Important services to be restarted:
The following services will be restarted by Verio as part of the update:
• clamd (ClamAV)
• vsapd (CPX)
Possible Action Needed
The following VPS/MPS v3 updates may require additional attention or action to take advantage of the full benefits of the update. Any possible actions are listed at the end of the individual update information.
MySQL-5.5.25a
The vinstall for MySQL5.5 will be upgraded to version 5.5.25a.
To upgrade existing installations of MySQL5.5, connect to your server through SSH and execute the following from the command prompt:
# vinstall mysql5.5
PHP-5.3.15
The vinstall for PHP5.3 will be upgraded to version 5.3.15 to address the security vulnerability (CVE-2012-2688) discussed here:
http://web.nvd.nist.gov/view/vuln/detail?vulnId=CVE-2012-2688
To upgrade existing installations of PHP5.3, connect to your server through SSH and execute the following from the command prompt:
# vinstall php5.3
Postgresql-8.4.12
The vinstall for Postgresql8 will be upgraded to version 8.4.12.
To upgrade existing installations of Postgresql, connect to your server through SSH and execute the following from the command prompt:
# vinstall postgresql8
No Action Needed
The following VPS/MPS v3 updates do not require action by customers to take advantage of the full benefits of the update. Some services may be restarted as part of the update.
ClamAV-0.97.5
ClamAV will be upgraded to version 0.97.5.
CPX
CPX will be updated to address the following items:
• Remove quota temporarily when deleting messages to the Trash folder.
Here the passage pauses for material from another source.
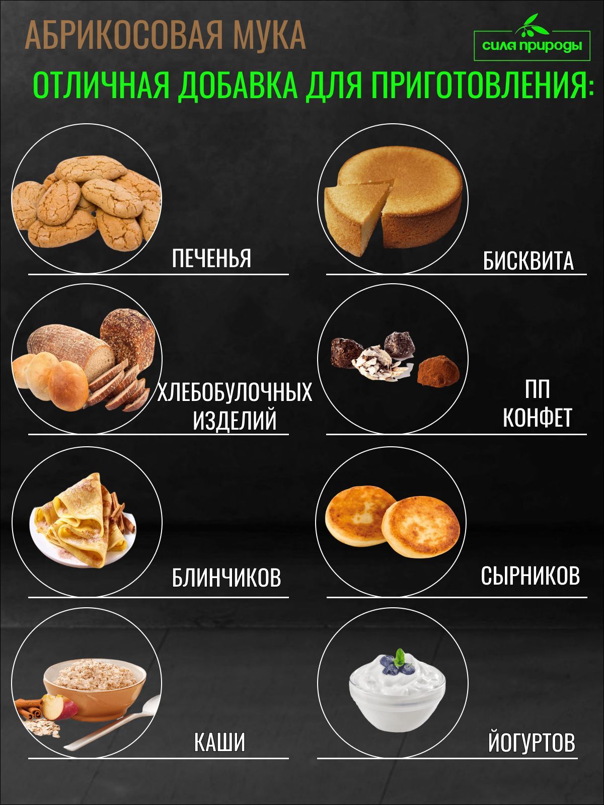 Описание: Мука абрикосовая используется для приготовления: кремов, выпечки, соусов, каши. А также в косметических целях. Богата мука витаминами А, В, С, F. Витамины необходимы для здоровья ногтей, кожи и волос. Содержит Омега 6 и Омега 9. Улучшает иммунитет. Мука из абрикосовых косточек помогает при заболевании дыхательных путей. Противокашлевое средство. Улучшает клеточный обмен веществ. Высокое содержание белка и клетчатки.

• Allow the Mail Admin to only have mail privileges.
• Allow the Server Admin to edit Shell even for self.
• Do not disable Server Admin when disabling a domain name.
• Remove any archived logs when deleting former Domain Admin.
OneClick SSL update
An issue was occurring where new OneClick SSL certificates would fail if the domain name was listed under the ServerAlias directive. This update will correct the issue.
Urchin5 Licensing update
A problem was occurring with the Urchin5 licensing upon installation. The install will be updated to correct this issue.
vuninstall php5.2
The uninstall script for PHP5.2 will be renamed to php5.2. The new command to uninstall PHP5.2 is as follows:
# vuninstall php5.2
phpize
phpize will be updated to use the correct version of AUTOCONF.
Note: This notification reflects the best knowledge of code and feature updates for this release. Changes can be made to the information herein; these changes will be distributed in new notifications. AlpineWeb might make improvements and/or changes in the product(s) and/or the program(s) described in this publication at any time.